Empowering young people from foster care to adulthood.
Every year, approximately 20,000 young people turn 18 in foster care; they need comprehensive support as they transition from state services to independence. With few resources, they must work to overcome the impact of childhood adversity as they navigate the adult world. LifeSet puts transition-age youth in the driver’s seat of their lives with a trained specialist by their side to help them identify and achieve goals.
What is LifeSet?
LifeSet is an individualized, evidence-informed community-based program that is highly intensive. LifeSet specialists meet with participants face to face at least once each week. They text, email and call young people regularly throughout the week, when needed. Specialists stabilize even the toughest situations and help young people build healthy relationships, obtain safe housing, education and employment.
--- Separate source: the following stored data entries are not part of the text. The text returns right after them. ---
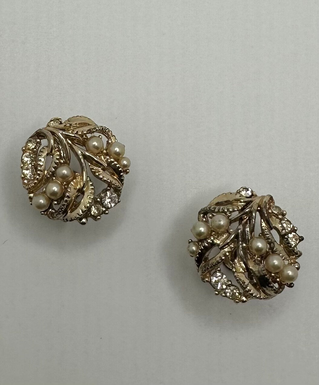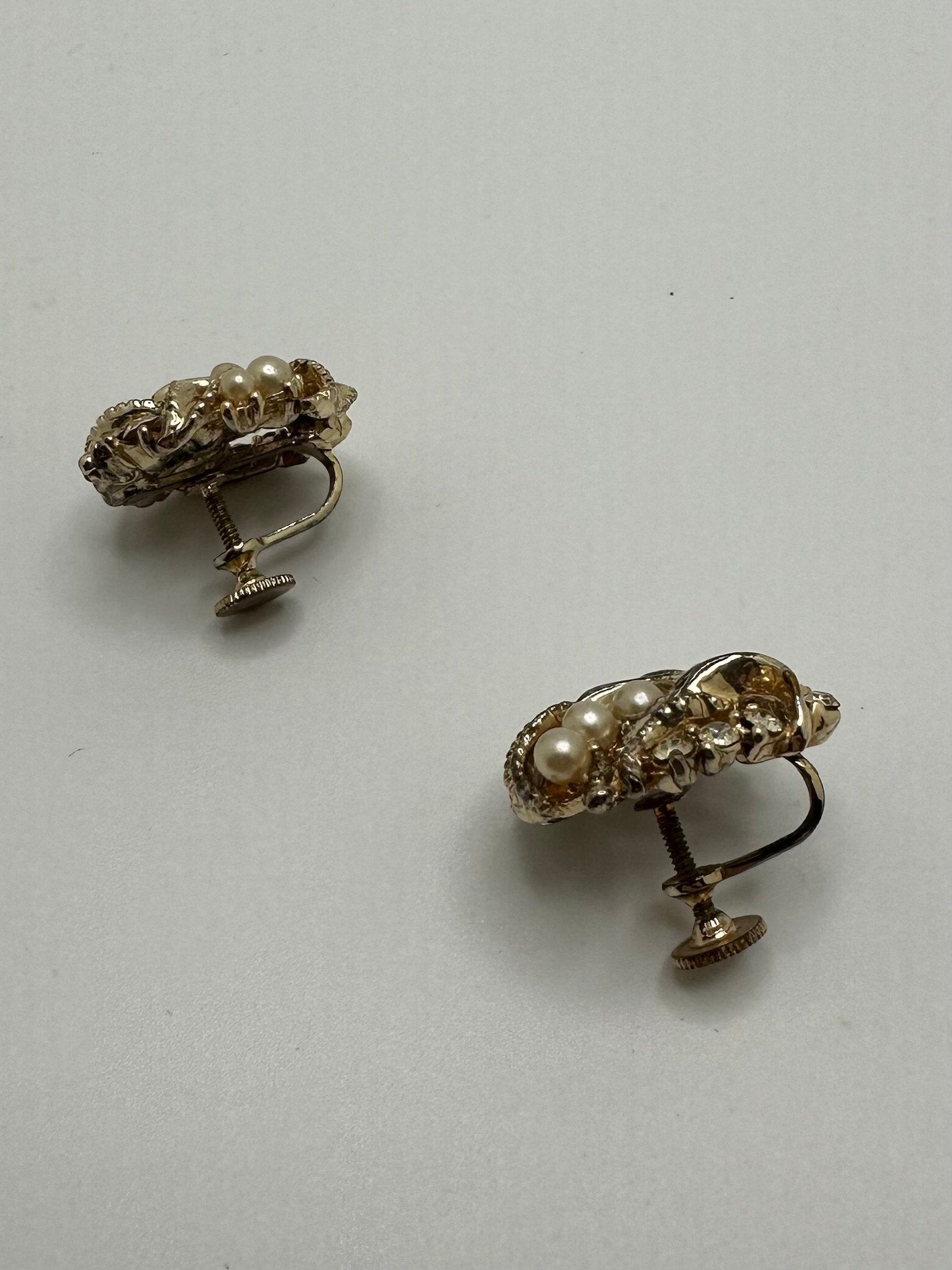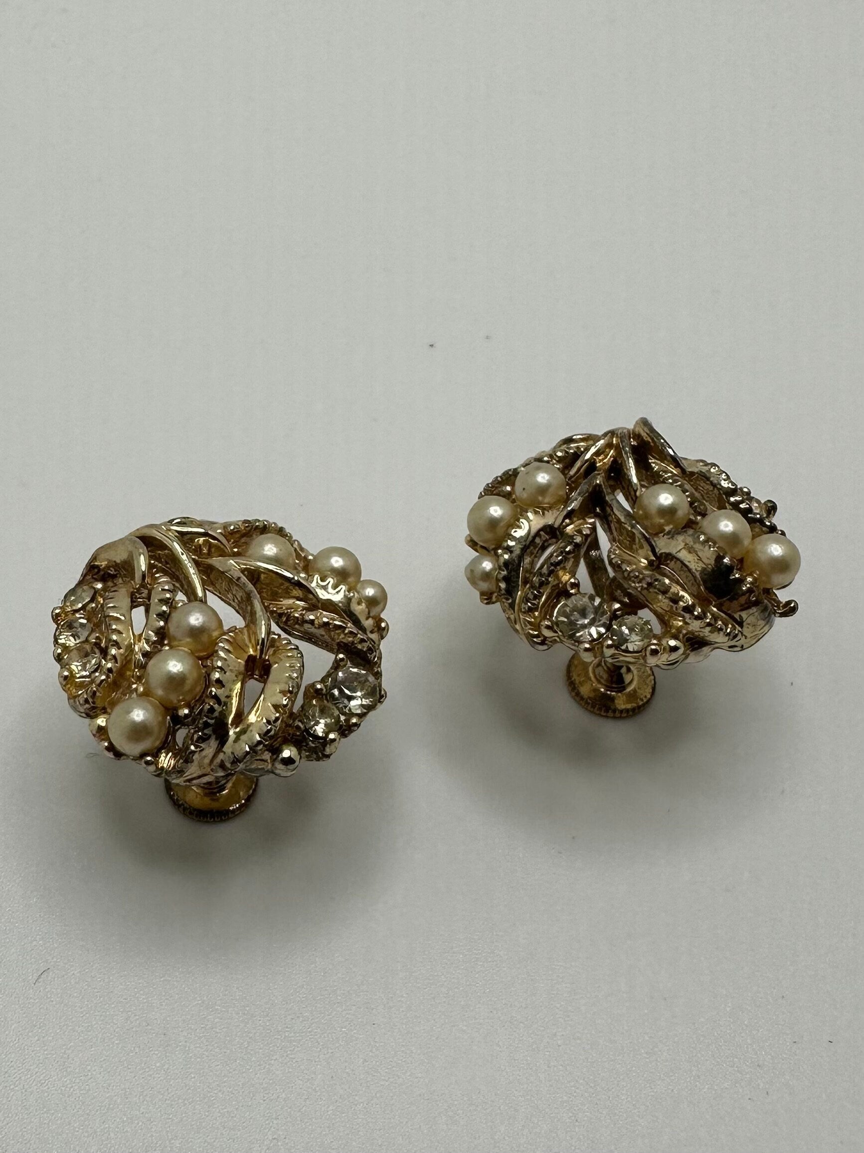 Sophisticated Vintage Faux Pearl, Rhinestone Gold Tone Screw-back Earrings
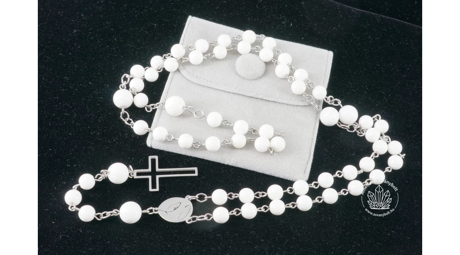 A Kagylóhéj fehér anyaga szép és olcsó ékszerkő, a belőle készült teljes rózsafüzér valódi extra minőségű 6 és 8 mm-es golyókból és nemesacél alkatrészekből van összeállítva teljes mértékben saját kézi munkával. Teljes hossza kb. 47 cm. Szürke színű kivül belül bársony felületű pattintós zárású tasakba csomagolva küldjük.
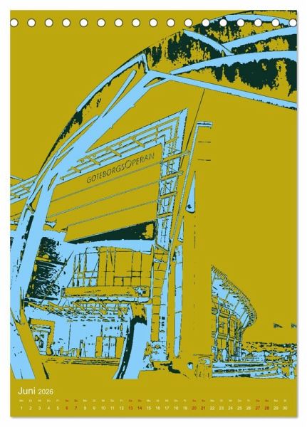 Lass dich von der schillernden Schönheit Göteborgs verzaubern. Jeder Monat präsentiert ein unverwechselbares Foto, das mit modernen, grafischen Akzenten und knalligen Farben die dynamische Seite Göteborgs zeigt - von den ikonischen Architektur-Highlights über die farbenfrohen Straßenkunstwerke bis hin zu den pulsierenden Hafenlandschaften.
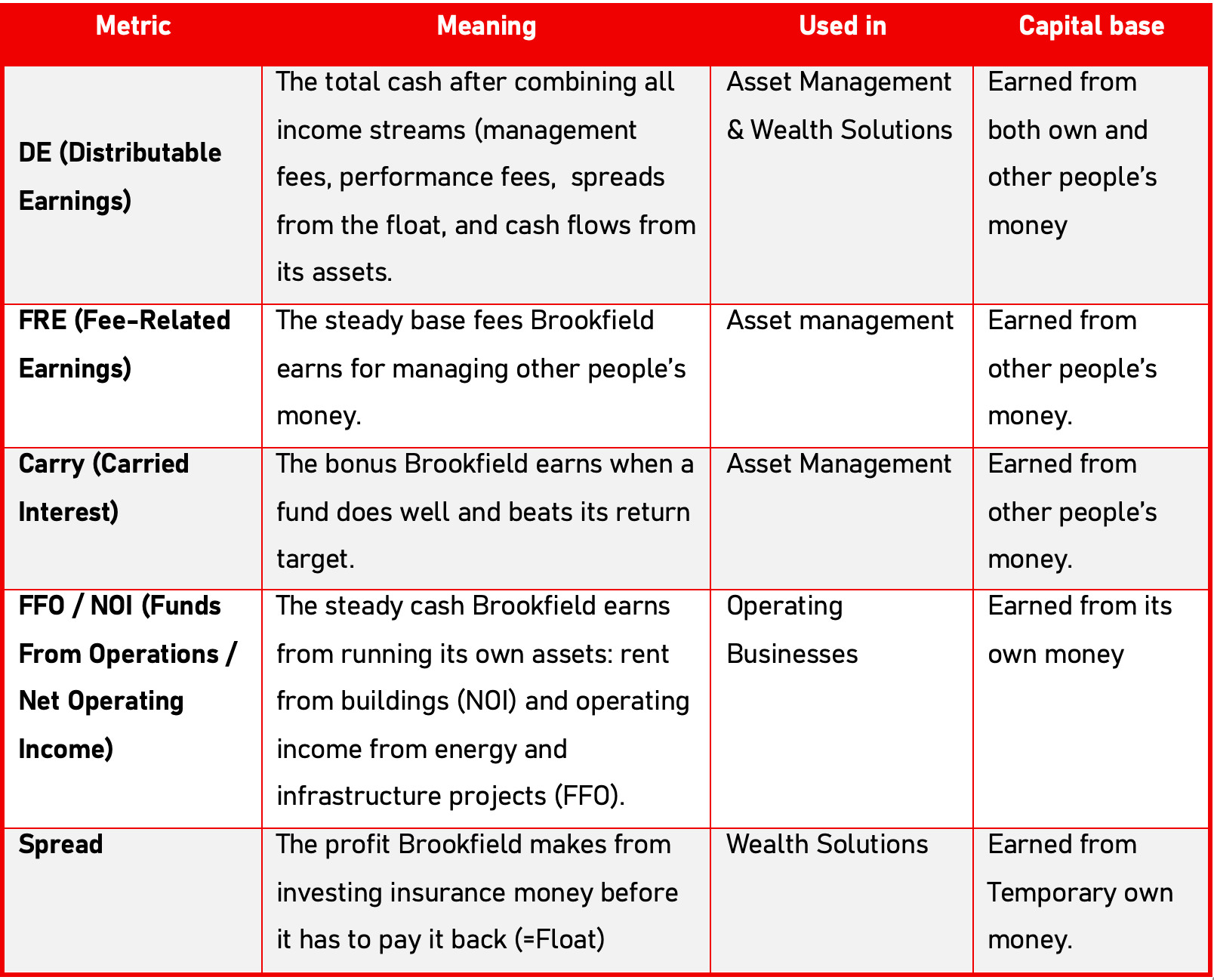 This is why Brookfield reports other measures like, Distributable Earnings (DE), Fee-Related Earnings (FRE), Carried Interest (Carry), Funds From Operations (FFO) and Spread.
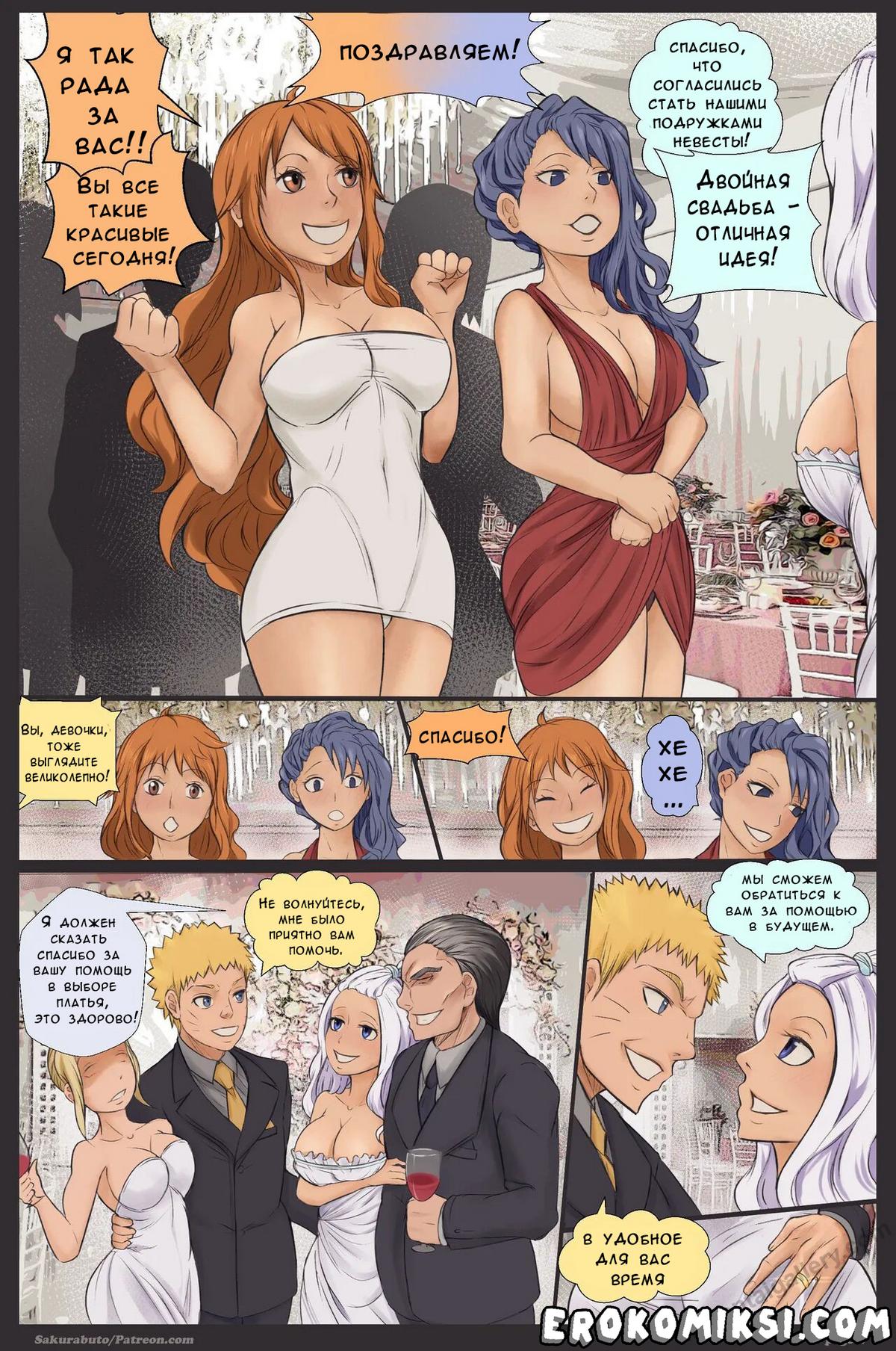 Порно комикс Неверная свадьба. Во время свадебной церемонии две подруги невесты сумели возбудить жениха подруги. Сучки начали с глубокого минета, а потом насладились членом парня по полной.
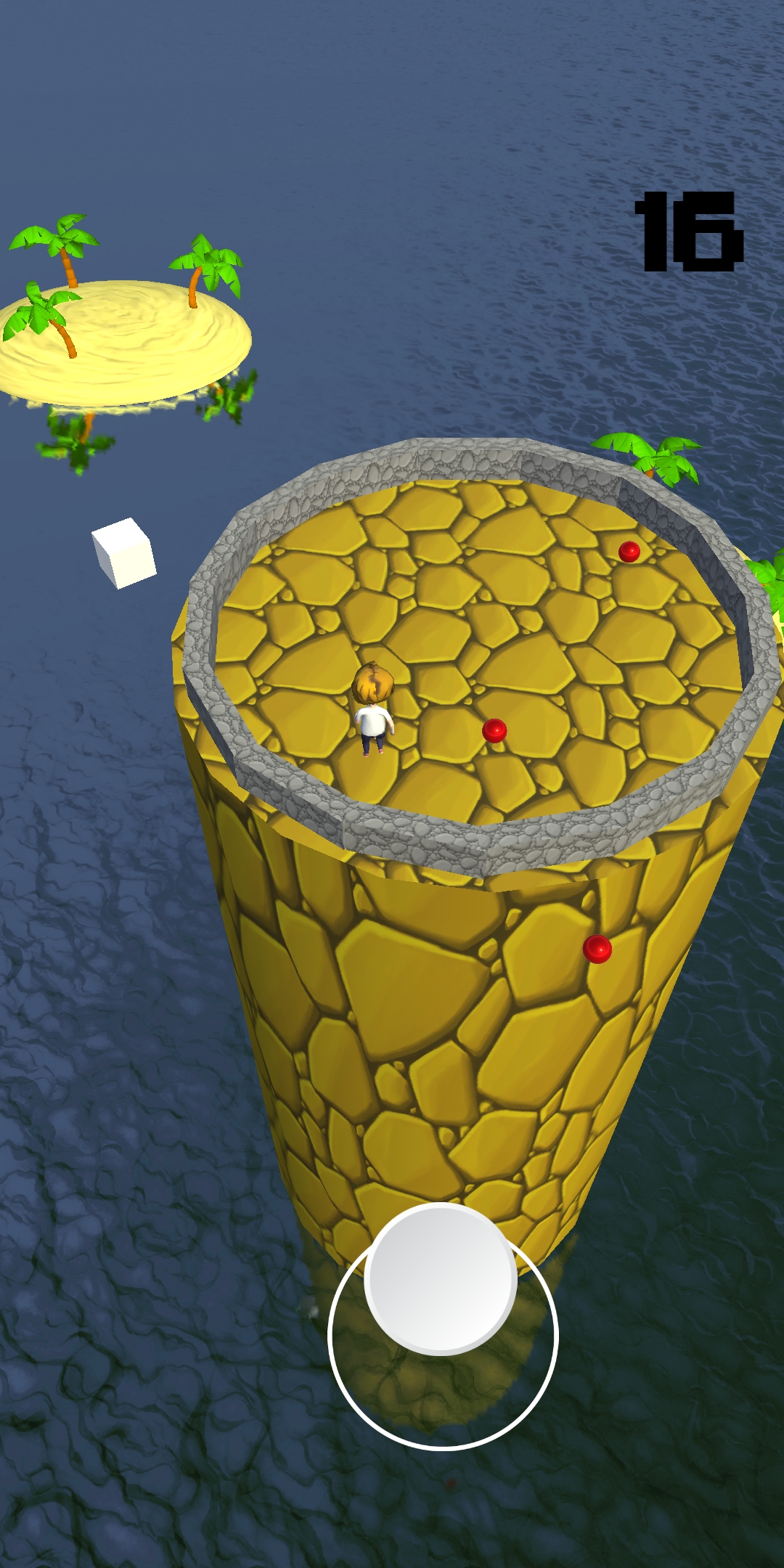 The player has to avoid red bullets fired by white cubes rotating around the arena. The player’s score is equivalent to the time he survived. As the time goes by, more cubes will appear and the difficulty will increase.

LifeSet is one of the nation’s first — and now one of the largest — evidence-informed programs helping young people who age out of foster care. More than 20,000 young people have helped through LifeSet across the country since the program began in 1999.
Learn more about bringing LifeSet to your jurisdiction.
Working with philanthropic partners, innovative agencies and high-performing nonprofits across the country, Youth Villages is committed to reaching every young person who turns 18 in foster care and needs comprehensive support. LifeSet is a proven program model and has been replicated across the country with fidelity.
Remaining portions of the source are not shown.